What AI Native Infrastructure Looks Like in Practice

DEV Community

Retrieval and re-ranking is the search step itself, followed by a second pass that re-scores the top candidates for relevance before passing them to the model. Bi-encoder models (the ones that power standard vector search) optimize for broad recall. Cross-encoder re-rankers optimize for precision among the top results. Running both — retrieve broadly with the bi-encoder, then re-rank the top 20 results with a cross-encoder before selecting the final context — produces meaningfully better retrieval quality than either approach alone, at a latency cost that is usually under 50 milliseconds.

Context assembly is the final step before the prompt. Which chunks to include, in what order, how to handle redundancy across chunks, whether to add metadata like document date or source type — these decisions shape what the model sees. Models perform better when the most relevant context appears at the beginning of the context window, not buried in the middle. Position matters more than engineers typically expect.

Layer Three: Context Management

This is where most teams discover that they had an implicit assumption they never examined.
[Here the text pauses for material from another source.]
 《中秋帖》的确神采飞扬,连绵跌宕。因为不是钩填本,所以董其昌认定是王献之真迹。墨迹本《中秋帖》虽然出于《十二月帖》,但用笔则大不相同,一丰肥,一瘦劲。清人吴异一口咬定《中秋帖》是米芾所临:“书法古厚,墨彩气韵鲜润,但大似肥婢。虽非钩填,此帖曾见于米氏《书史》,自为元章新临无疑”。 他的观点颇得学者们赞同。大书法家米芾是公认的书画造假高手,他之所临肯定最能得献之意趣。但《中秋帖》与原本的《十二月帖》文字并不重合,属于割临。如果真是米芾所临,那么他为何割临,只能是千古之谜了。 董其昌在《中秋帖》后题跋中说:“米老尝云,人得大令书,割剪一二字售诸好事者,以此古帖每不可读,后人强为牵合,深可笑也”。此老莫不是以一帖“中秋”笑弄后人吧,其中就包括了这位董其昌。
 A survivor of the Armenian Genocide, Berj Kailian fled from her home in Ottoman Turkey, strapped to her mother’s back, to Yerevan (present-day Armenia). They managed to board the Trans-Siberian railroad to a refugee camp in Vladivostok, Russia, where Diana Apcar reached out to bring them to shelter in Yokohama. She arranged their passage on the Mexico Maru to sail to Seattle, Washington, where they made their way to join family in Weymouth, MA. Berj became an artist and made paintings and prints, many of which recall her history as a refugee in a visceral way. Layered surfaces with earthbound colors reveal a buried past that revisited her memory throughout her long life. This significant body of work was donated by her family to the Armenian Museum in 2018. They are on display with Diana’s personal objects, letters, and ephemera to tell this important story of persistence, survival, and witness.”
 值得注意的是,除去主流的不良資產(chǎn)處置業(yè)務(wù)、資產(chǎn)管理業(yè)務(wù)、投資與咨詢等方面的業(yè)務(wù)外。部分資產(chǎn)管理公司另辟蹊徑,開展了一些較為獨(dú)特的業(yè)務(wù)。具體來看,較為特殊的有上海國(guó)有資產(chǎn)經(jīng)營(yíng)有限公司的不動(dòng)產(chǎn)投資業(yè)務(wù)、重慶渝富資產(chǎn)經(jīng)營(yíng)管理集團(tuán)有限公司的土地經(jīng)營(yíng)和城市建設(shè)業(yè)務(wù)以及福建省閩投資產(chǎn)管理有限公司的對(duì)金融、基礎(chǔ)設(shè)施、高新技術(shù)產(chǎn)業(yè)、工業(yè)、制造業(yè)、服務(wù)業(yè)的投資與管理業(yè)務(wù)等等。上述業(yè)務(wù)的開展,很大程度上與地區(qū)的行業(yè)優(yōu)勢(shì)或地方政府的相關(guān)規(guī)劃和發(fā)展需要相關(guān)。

Layer Three: Context Management

They assumed context would stay small enough to not matter.
Context management is the layer that tracks what the model needs to know within a session, across sessions, and at the system level — and makes deliberate choices about what to include, what to compress, and what to discard. It sounds simple. In practice, it is the layer that silently determines whether the system feels coherent or amnesiac, expensive or cost-efficient.

The clearest failure mode is context stuffing: including everything the system might need, in full, on every request, because it is easier than deciding what to exclude. At low traffic volumes this is fine. At scale, the token cost compounds fast, latency climbs as the context window fills, and the model's attention degrades on long-context inputs. An enterprise application routing ten thousand requests per hour through a 128K context window, when 60K of that context is the same static background information repeated verbatim on every call, is not a data architecture problem — it is an engineering decision that has simply not been made yet.

Effective context management has three components. A session layer tracks the immediate conversation and recent user actions, kept compact, summarized aggressively after the first few turns rather than appended indefinitely. A memory layer handles what the system should retain across sessions — user preferences, prior decisions, domain-specific facts about this user's context — stored as structured records, not as raw conversation history. And a system layer manages the baseline context that every request needs: the product's core knowledge, current configuration, and any real-time state the model should be aware of.

The goal is not minimalism for its own sake. It is precision. The right context, fresh, in the right position, without padding.

Layer Four: The Eval Framework

Everything built so far produces outputs that cannot be tested with a passing or failing unit test. The model might return a factually correct response in the wrong format. It might answer the literal question while missing the user's actual intent. It might perform well on the examples in your test suite and drift on the long tail of real queries that you have not seen yet.

Layer Four: The Eval Framework

Eval infrastructure is what makes AI Native systems improvable, rather than just deployed.

The production pattern that engineering teams are converging on in 2026 uses two tools with a clear division of labor. A lightweight open-source framework handles CI/CD gating at the PR level: DeepEval is the closest thing the LLM eval world has to pytest, running assertion-style tests against model outputs on every code change. RAGAS handles retrieval-specific metrics — context precision, answer faithfulness, answer relevance — for RAG-heavy systems. These run in the pipeline, automatically, before any change ships.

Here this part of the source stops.